Think about people you know, and how you could tell if they were around even if you couldn't see them.

The taste of urine and signature whistles allow bottlenose dolphins to recognize their friends at a distance, according to a study published Wednesday.

The first author of the book said that dolphins keep their mouths open and sample urine longer from familiar people.

This is important because dolphins are the first animal to have social recognition through taste alone.

The team, which included Sam Walmsley andVincent Janik from the University of St Andrews, wrote that the use of taste could be beneficial in the open ocean because urine can linger for a while after an animal has left.

Even if the individual had not signaled its presence, this will alert the dolphins.

It has been difficult to answer the question of whether animals can attach labels to their friends.

An interesting test case was the bottlenose dolphins, who use signature whistles to address specific individuals, and can remember these for over 20 years.

The dolphins were presented with urine samples from familiar and unfamiliar people, and they spent three times as long sampling urine from those they knew.

In social interactions, dolphins use their jaws to touch the genitals of others, giving them a chance to learn the taste of urine.

The dolphins were trained to give urine samples on demand in exchange for food.

The team is certain that it was taste and not smell, because they don't have olfactory bulbs.

For the second part of the experiment, the team played recordings of signature whistles from the same dolphin that provided the urine sample, or a different dolphin that provided a different sample.

The two congruent lines of evidence together evoked more interest when the vocalizations matched the urine samples.

It is not every day that scientists find evidence of a non-human vocal system using signals.
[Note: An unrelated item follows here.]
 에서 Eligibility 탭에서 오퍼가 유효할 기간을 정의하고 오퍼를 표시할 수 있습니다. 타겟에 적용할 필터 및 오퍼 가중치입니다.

That is pretty exciting.

It may be beneficial for a dolphin to recognize alliance members as it is for them to recognize potential antagonists, he said.
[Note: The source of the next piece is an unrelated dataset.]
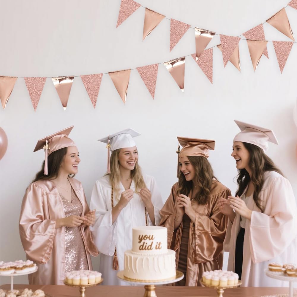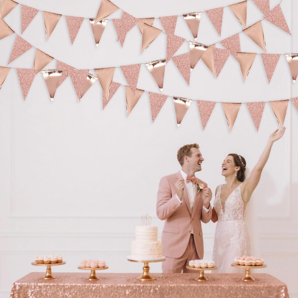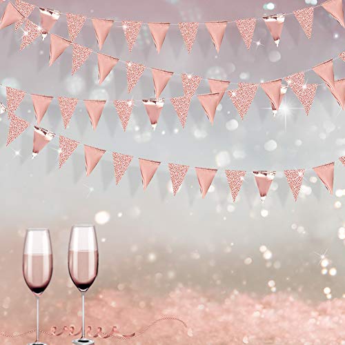 Special Design -Our rose gold triangle flag banners are made of two environmental materials paper alternately.Double sided rose gold metallic paper and rose gold glitter paper with neat cut,strong,durable and reusable.

The team suggested that the individual chemical signatures were likely caused by lipids.

The recognition skills revealed in the study suggest that dolphins can use other information from urine, such as reproductive state, to influence each other's behavior.

In a surprising twist, the research could have implications for human weight gain, as the same genes that allow dolphins to identify lipids in urine are present in humans.

Understanding how the genes work in people could be improved by studying the genes in dolphins.

The work could have other implications, such as pollution caused by oil spills or other chemicals that may impede the dolphins ability to signal one another, thus doing even more harm than previously thought.